# Us Army...putting away the uniform



## Karla_atx (May 15, 2008)

So my roommate is a us army vet she just got out of the military and it was time to put her uniform away... i thought i was time for a photoshoot!!
1-





2





3-




4-




5




6-




7


----------



## Antarctican (May 15, 2008)

Excellent series!! I hope you print these off and give them to her, as she is sure to like them.


----------



## Karla_atx (May 15, 2008)

Antarctican said:


> Excellent series!! I hope you print these off and give them to her, as she is sure to like them.


thank you! she is still waiting for a few more boxes to ship back so there is still more uniforms to go thru !! (deserts) so i will be taking pics of that too


----------



## Kazoo (May 15, 2008)

I agree with Anty, really like the way you composed #3 & #6. Look forward to your next series.


----------



## SBlanca (May 15, 2008)

great shots


----------



## Dubious Drewski (May 15, 2008)

Nice set.  Number 4 is my favourite, although number 7 suffers from some mediocre composition and exposure.

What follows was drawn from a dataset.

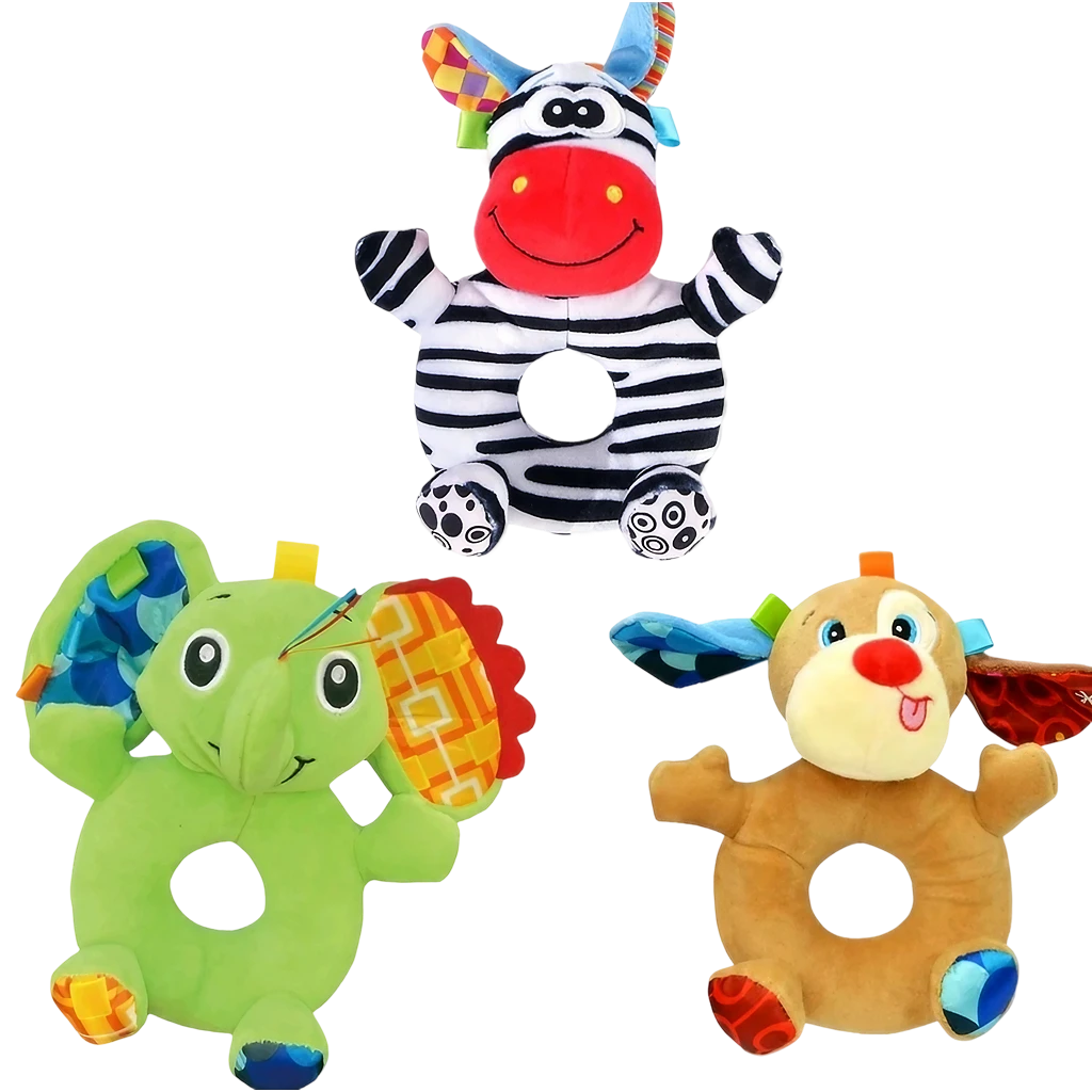 ¡Estimula los sentidos de tu bebé con SONAJA DONA FELPA! Estas sonajeras en forma de donas ofrecen texturas en las orejas y un sonido suave y relajante para tu bebé. Colócalas en su muñeca y disfruta de su entusiasmo mientras explora el mundo a través del juego. ¡Un juguete divertido y educativo para tu pequeño!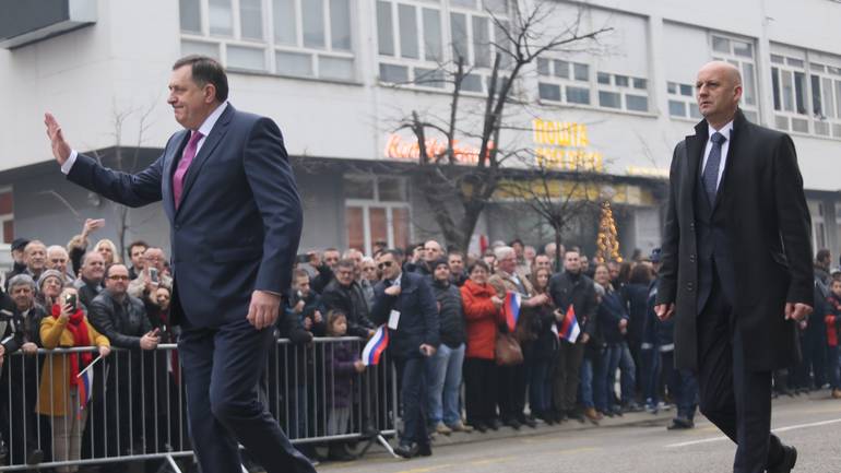 Pre početka defilea pomalo humorna scena. Idući prema svečanoj pozornici, Dodik, u pratnji čoveka koji je valjda njegov lični pratilac, išao je sredinom ulice pozdravljajući “republikance” s obe strane – čas levom, čas desnom rukom. Na svečanoj bini, kao i prošle godine, izostala je prva “srpska faca” – Aleksandar Vučić, ali i premijerka Srbije Ana Brnabić. Ministar spoljnih poslova Ivica Dačić nekoliko dana ranije rekao je da “ima obaveze u Beogradu”, ne pominjući da je, možda, zakazao kakav koncert.

By the way, who is this woman?  Tell her "Way to go!" from me.

Let's see, an Iraq campaign medal, a Korean Defense medal, a mech/Driver badge, army achievement badge, etc, etc.  This girl did a fine job!


----------



## Karla_atx (May 15, 2008)

Dubious Drewski said:


> Nice set. Number 4 is my favourite, although number 7 suffers from some mediocre composition and exposure.
> 
> 
> By the way, who is this woman? Tell her "Way to go!" from me.
> ...


 

She is my roommate, and yes she did indeed did a wonderfull job protecting our country did 3 tours over seas and was release honorably


----------



## Palakaboy (May 16, 2008)

love those shoes...


----------



## JamesD (May 16, 2008)

Send my respects.  MPs don't get enough.

-JamesD


----------



## Karla_atx (May 16, 2008)

JamesD said:


> Send my respects. MPs don't get enough.
> 
> -JamesD


 
yes thats what she says all the time ...mps dont get enough ...

and about the shoes lol she bought em but never used em ...


----------